Indian actor and comedian

Prabhakar More (born 19 February 1966) is an Indian actor and comedian. He currently works in the Marathi-language TV show Maharashtrachi Hasyajatra. He played supporting roles in the films Panghrun, Thackeray, Bodkyacha Bajirao, and Varhadi Vajantri.

== Early life ==
Prabhakar More was born in Chiplun and grew up in Wahal-Morewadi, Chiplun taluka of Ratnagiri district.
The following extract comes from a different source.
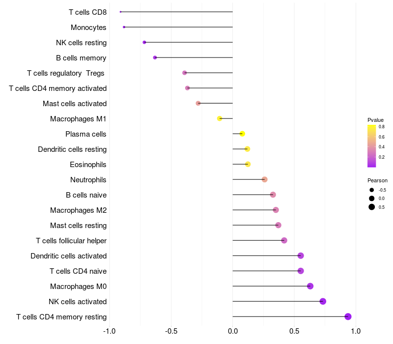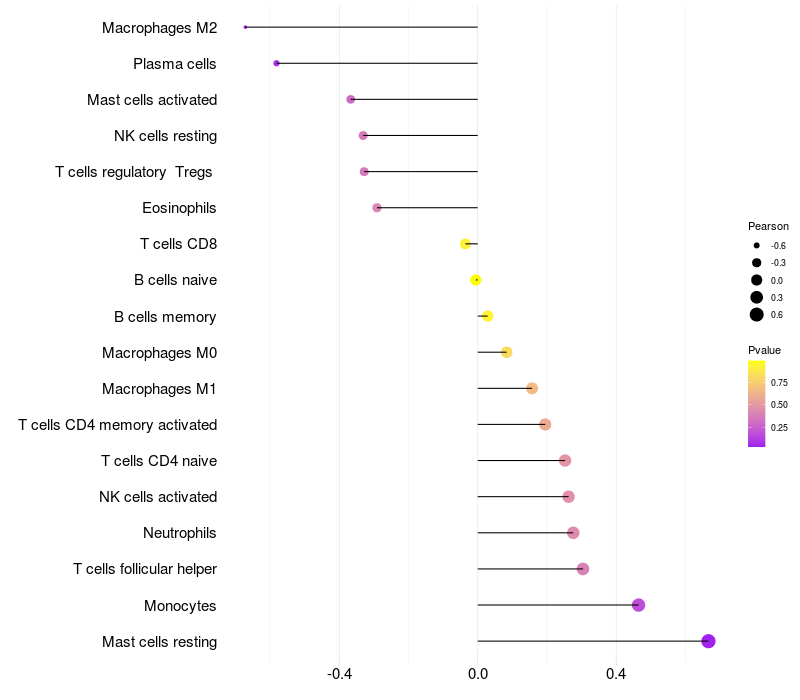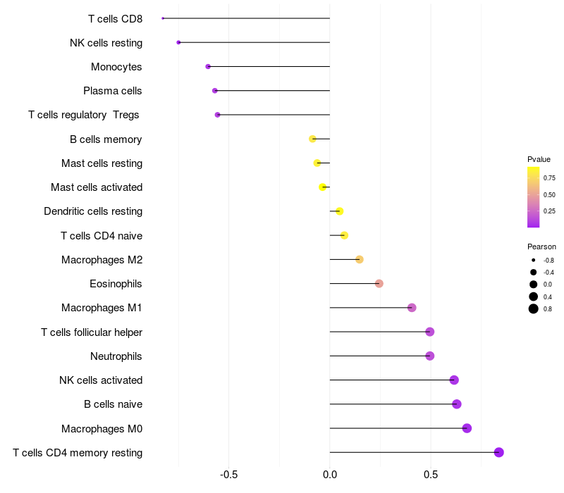 Lollipop of RANBP3 expression and immune infiltrating cell level correlation result in HBV+ Liver cirrhosis samples
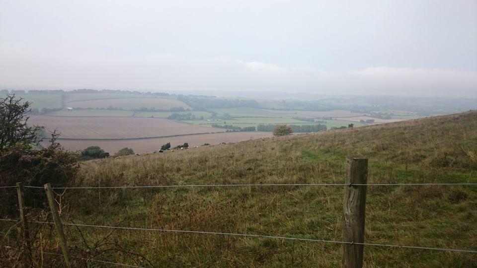 It’s funny how even a relatively short stop can make your legs feel stiffer so we agreed we’d concentrate our efforts on the two remaining hills and take the rest steadier. Beacon Hill was again a challenge with more cows to negotiate and the legs were definitely starting to protest. The track is quite narrow and the clumpy soft grass adds to the climb. Trig point reached that just left one more hill. The weather was starting to clear now and we both marvelled how great it was to be out in the country for most of the morning.

He completed his schooling from Wahal high school, further education was done in DBJ college in Chiplun.

== Career ==
Prabhakar More made his theater debut with the plays of Santosh Pawar. He garnered popularity among the audience with his performances in many dramas. More has played the role of comedian and supporting actor in many serials and films. He acted in the films Kutumb (2012), Katti Batti (2015), Bai Go Bai (2015), Takatak (2019). Prabhakar More's comedy style in programs like Comedychi Bullet Train, Maharashtrachi Hasyajatra got the audience's vogue. He rose to fame after featured in the TV comedy show Maharashtrachi Hasyajatra. Apart from this he worked in the serial Post Office Ughada Aahe alongside Makarand Anaspure and Samir Choughule. He has also acted in Mahesh Manjrekar's biographical film Bhai: Vyakti Ki Valli and Panghrun. In 2022, he was featured in Dhondi Champya - Ek Prem Katha.

== Filmography ==

=== Film ===

Year: Film; Role; Notes; Ref(s)
2008: Bodkyacha Bajirao
2012: Kutumb; Baban
2015: Katti Batti; Hindi film
Bai Go Bai
2019: Takatak; Baban
Black Label: Constable; short film
Bhai: Vyakti Ki Valli: based on Pu La Deshpande
Thackeray: Wamanrao Mahadik
2022: Panghrun; Lakhoba
Varhadi Vajantri
Dhondi Champya - Ek Prem Katha
2025: Last Stop Khanda
2026: Lagnacha Shot; Railway ticket collector

===Web series===
- RaanBaazaar as Palande's friend

=== Television ===

- Maharashtrachi Hasyajatra
- Post Office Ughada Aahe
- Comedychi Bullet Train
- Mi Punha Yein

== Other work ==
More joined the Nationalist Congress Party in the presence of Ajit Pawar at the NCP's head office in Mumbai, where he was given the post of Chairman of Cultural Konkan Department. The NCP stated that official gambling is occurring through online rummy. Speaking about this, More stated that "other artists shouldn't do such commercials and that he would not promote rummy."